OpenClaw speech provider plugin for Cartesia Sonic-2 — high-quality TTS with voice cloning, drop-in for messages.tts and talk surfaces (Telegram voice notes, etc.).

Audits

Pass

Install

openclaw plugins install clawhub:openclaw-cartesia

openclaw-cartesia — Cartesia Sonic-2 TTS for OpenClaw

npm version License: MIT

OpenClaw speech provider for Cartesia Sonic-2 — high-quality text-to-speech with instant voice cloning, drop-in for OpenClaw's messages.tts pipeline, talk-voice CLI, and any channel that supports voice notes (Telegram, Slack, Discord, etc.).

Why

OpenClaw bundles ElevenLabs, Azure, Google, etc. as speech providers, but not Cartesia. Cartesia's Sonic-2 is competitively priced (generous free tier), has very low TTFB (~90ms), and produces excellent instant voice clones — but you couldn't use it as a first-class OpenClaw provider until now.

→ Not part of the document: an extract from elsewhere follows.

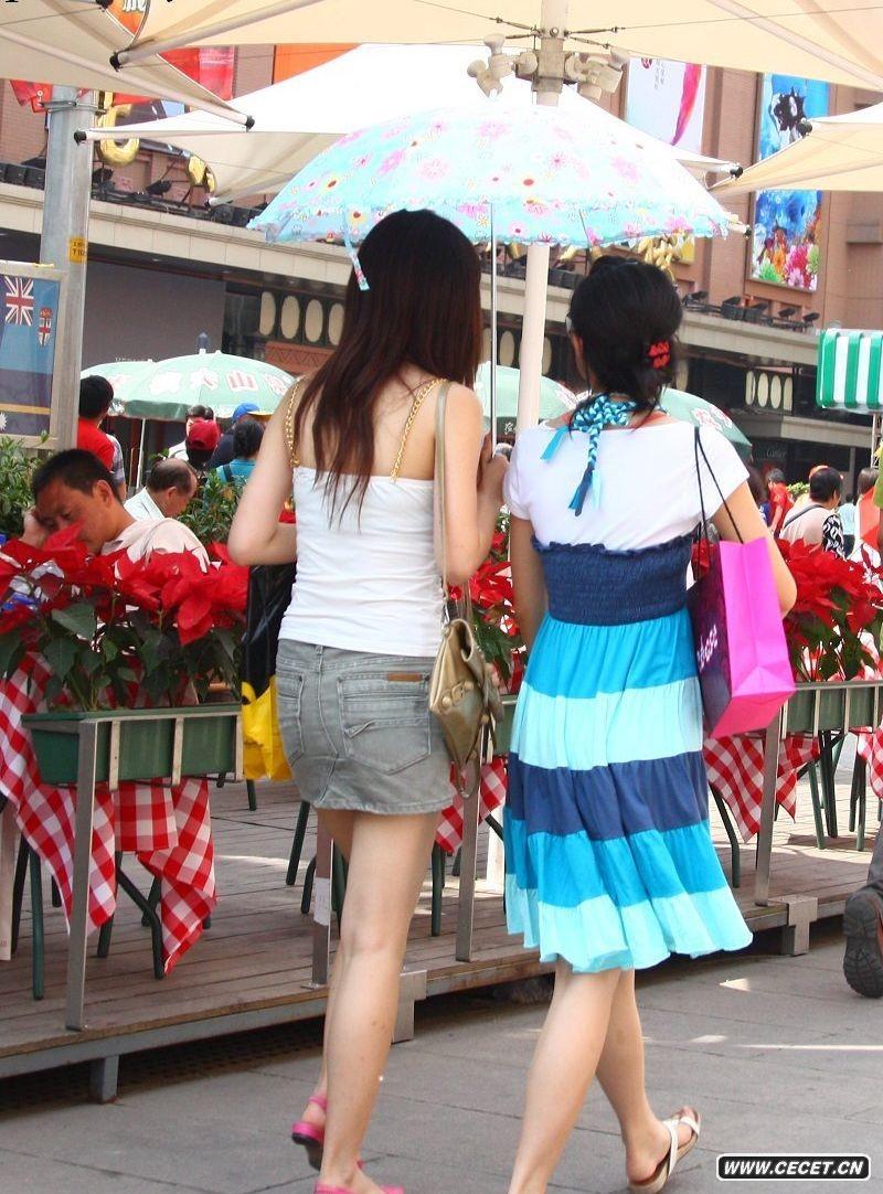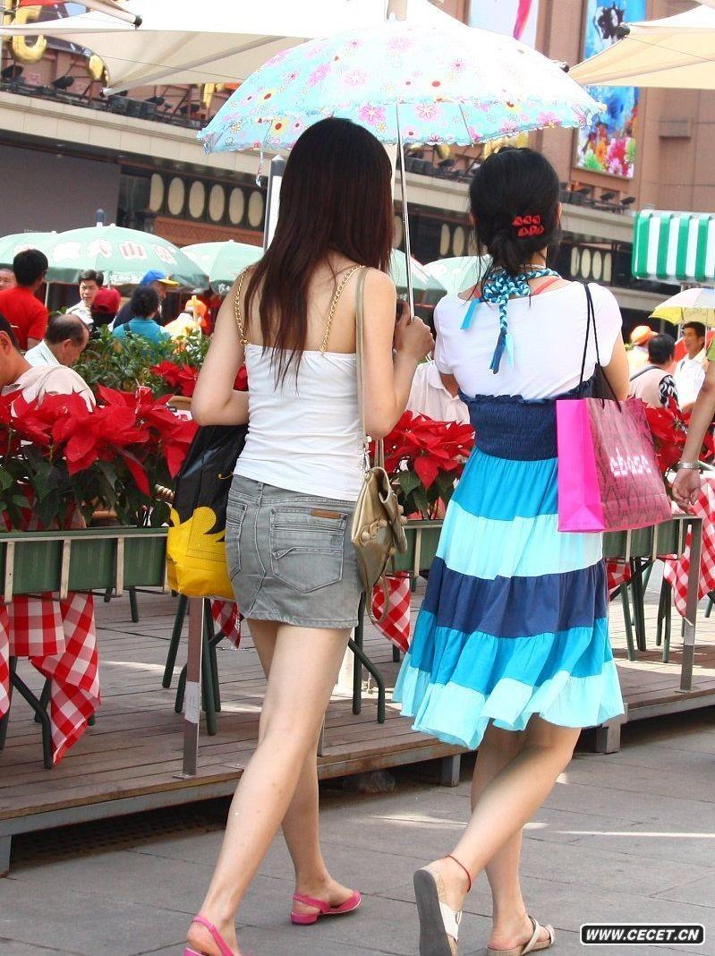 小吃街抓拍的两个热裤

This plugin closes that gap. It registers cartesia as a speechProviders contract so OpenClaw can:

  • Speak messages.tts replies in Telegram, Slack, Discord, etc. (voice notes)
  • Power the talk-voice (sag) CLI skill
  • Synthesize audio files (MP3) for embedded surfaces
  • Stream PCM for telephony

Install

Requires Node 20+ and ffmpeg on PATH (used to transcode PCM → OGG/Opus for voice notes — Cartesia doesn't emit Opus natively).

From npm (recommended)

openclaw plugins install npm:openclaw-cartesia

From a local path (for development)

git clone https://github.com/parijatmukherjee/openclaw-cartesia.git
openclaw plugins install ./openclaw-cartesia

From git

openclaw plugins install git:github.com/parijatmukherjee/openclaw-cartesia

Configure

Drop the snippet at examples/openclaw.json.snippet into your openclaw.json (merging — don't overwrite). Minimal version:

{
  "plugins": {
    "allow": ["cartesia"],
    "entries": { "cartesia": { "enabled": true } }
  },
  "messages": {
    "tts": {
      "persona": "dobby",
      "personas": {
        "dobby": {
          "providers": {
            "cartesia": {
              "voiceId": { "source": "env", "provider": "default-env", "id": "CARTESIA_DOBBY_VOICE_ID" }
            }
          }
        }
      },
      "providers": {
        "cartesia": {
          "apiKey": { "source": "env", "provider": "default-env", "id": "CARTESIA_API_KEY" }
        }
      }
    }
  }
}

Set the env vars (recommended: 1Password CLI, sops, or systemd EnvironmentFile=):

export CARTESIA_API_KEY=sk_car_xxxxxxxxxxxxxxxx
export CARTESIA_DOBBY_VOICE_ID=00000000-0000-0000-0000-000000000000

Restart the gateway:

openclaw gateway restart

When does the voice actually fire?

This plugin only registers Cartesia as a speech provider. Whether a given assistant turn produces audio is decided by OpenClaw's top-level messages.tts.auto setting. Valid modes:

messages.tts.autoBehavior
"off"Never auto-speak — TTS only fires when manually invoked.
"always"Speak every assistant turn. Produces a text + voice duplicate for text inputs unless you pair with cartesia.config.suppressDuplicateText: true.
"inbound"Speak only when the user's inbound message was audio. Recommended: voice-on-voice, text-on-text.
"tagged"Speak only when the turn is explicitly tagged for TTS.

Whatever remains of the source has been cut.